La paralinguistica riguarda tutte le emissioni vocali che non siano riconducibili strettamente a “parole”, e comprende: 

  • il tono della voce; 
  • il volume; 
  • i silenzi; 
  • le pause; 
  • il ritmo del parlato; 
  • le interiezioni (brevi emissioni, come “ehm”, “uhm”…). 

Essa stabilisce la punteggiatura del parlato e contribuisce a trasmettere le informazioni emotive. Messaggi quali “sono teso”, “sono arrabbiato” o “sono ben disposto” trasudano più dal sistema paralinguistico (percepibile dal suono, a livello uditivo) che dal sistema linguistico (parole e frasi).  

Una frase può portare con sé significati completamente diversi in base all’enfasi posta su parole e al tono di voce. 

Training non verbale

L’addestramento all’uso del paralinguistico richiede un training sull’uso strategico delle pause e dei toni. In generale, la formazione per il non verbale prevede l’accesso a tutti i repertori delle tecniche teatrali e dell’attore: il metodo Stanislavskij e altri metodi di formazione teatrale sono gli unici veramente in grado di agire in profondità sulla formazione e sulla trasformazione dei comportamenti espressivi degli adulti. 

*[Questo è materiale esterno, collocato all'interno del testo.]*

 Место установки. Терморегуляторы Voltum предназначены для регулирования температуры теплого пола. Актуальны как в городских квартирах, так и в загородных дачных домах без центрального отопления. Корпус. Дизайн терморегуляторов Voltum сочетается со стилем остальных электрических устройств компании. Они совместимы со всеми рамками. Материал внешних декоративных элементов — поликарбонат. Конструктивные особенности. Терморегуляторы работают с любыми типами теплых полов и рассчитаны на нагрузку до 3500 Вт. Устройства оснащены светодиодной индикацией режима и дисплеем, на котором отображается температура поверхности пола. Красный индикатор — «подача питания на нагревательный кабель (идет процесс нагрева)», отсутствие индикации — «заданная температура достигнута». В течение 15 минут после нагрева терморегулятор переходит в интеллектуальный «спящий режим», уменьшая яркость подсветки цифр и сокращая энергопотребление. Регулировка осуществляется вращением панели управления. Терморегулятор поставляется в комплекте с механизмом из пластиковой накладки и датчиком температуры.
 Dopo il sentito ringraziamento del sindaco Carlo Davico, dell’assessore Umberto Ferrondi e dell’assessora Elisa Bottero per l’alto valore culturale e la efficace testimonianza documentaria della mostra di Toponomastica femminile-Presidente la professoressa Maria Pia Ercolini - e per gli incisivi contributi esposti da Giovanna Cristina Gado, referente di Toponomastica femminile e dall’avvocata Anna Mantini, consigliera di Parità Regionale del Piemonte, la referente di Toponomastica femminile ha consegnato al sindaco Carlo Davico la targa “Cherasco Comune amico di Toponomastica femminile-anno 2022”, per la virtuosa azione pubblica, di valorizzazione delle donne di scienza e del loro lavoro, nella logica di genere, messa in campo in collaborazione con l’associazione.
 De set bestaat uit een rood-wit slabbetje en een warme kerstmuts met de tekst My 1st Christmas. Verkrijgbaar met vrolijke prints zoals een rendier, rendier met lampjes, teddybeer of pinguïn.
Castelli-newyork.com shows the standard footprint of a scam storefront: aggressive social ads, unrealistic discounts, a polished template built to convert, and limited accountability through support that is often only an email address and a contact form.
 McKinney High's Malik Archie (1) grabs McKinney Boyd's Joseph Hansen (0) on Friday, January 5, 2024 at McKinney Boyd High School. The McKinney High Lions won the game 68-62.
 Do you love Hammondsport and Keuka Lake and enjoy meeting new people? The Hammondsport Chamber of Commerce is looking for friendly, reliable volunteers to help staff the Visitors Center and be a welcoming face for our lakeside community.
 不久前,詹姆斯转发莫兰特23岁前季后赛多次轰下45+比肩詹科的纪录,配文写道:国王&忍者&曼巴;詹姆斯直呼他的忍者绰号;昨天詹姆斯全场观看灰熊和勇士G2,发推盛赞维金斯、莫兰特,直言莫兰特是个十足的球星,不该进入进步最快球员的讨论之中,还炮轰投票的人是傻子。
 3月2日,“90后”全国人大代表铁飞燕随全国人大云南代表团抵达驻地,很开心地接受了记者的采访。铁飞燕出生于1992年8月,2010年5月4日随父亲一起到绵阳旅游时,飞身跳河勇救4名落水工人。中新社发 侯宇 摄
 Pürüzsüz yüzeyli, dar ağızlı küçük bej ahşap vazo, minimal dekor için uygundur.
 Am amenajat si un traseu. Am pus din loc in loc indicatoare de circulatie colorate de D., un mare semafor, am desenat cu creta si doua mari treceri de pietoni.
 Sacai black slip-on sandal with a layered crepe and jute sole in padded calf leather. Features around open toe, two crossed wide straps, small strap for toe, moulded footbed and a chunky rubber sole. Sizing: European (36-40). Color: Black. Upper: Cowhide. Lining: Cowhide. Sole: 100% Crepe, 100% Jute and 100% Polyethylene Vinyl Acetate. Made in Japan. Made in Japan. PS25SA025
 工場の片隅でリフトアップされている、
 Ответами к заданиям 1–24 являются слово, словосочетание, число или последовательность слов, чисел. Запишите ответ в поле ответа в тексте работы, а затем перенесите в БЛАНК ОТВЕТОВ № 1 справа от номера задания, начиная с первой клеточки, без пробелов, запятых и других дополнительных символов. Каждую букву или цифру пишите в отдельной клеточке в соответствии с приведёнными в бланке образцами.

Un training adeguato può essere utile per addestrare il comunicatore a cogliere il tremore della voce altrui (sintomo di nervosismo e stress) e le reazioni non verbali alle proprie affermazioni, e ad agire “teatralmente” tramite movimento, pause e alternanze di ritmi per dare enfasi a parti del discorso e ai punti chiave da fare emergere. 

Come per ogni altro compito manageriale, senza un’adeguata preparazione le chances di essere competitivi sul piano comunicativo calano quando gli equilibri di competenze sono sbilanciati. All’aumentare del divario tra il nostro training e il grado di training della controparte aumentano i rischi di esito sfavorevole di ogni comunicazione. 

Consonanza e dissonanza tra stili linguistici e non verbali

La comunicazione non verbale può rinforzare il messaggio verbale o essere dissonante rispetto a questo. Parlarsi chiaro vuol dire anche cercare coerenza tra i messaggi verbali che emettiamo e la nostra comunicazione non verbale. Se dico un no vero, lo posso accompagnare da un gesto corporeo che segnala il diniego. Se dico un , lo posso accompagnare anche con il body language, con un gesto di apertura delle braccia e un cenno del capo, che mostri che il mio è sentito. 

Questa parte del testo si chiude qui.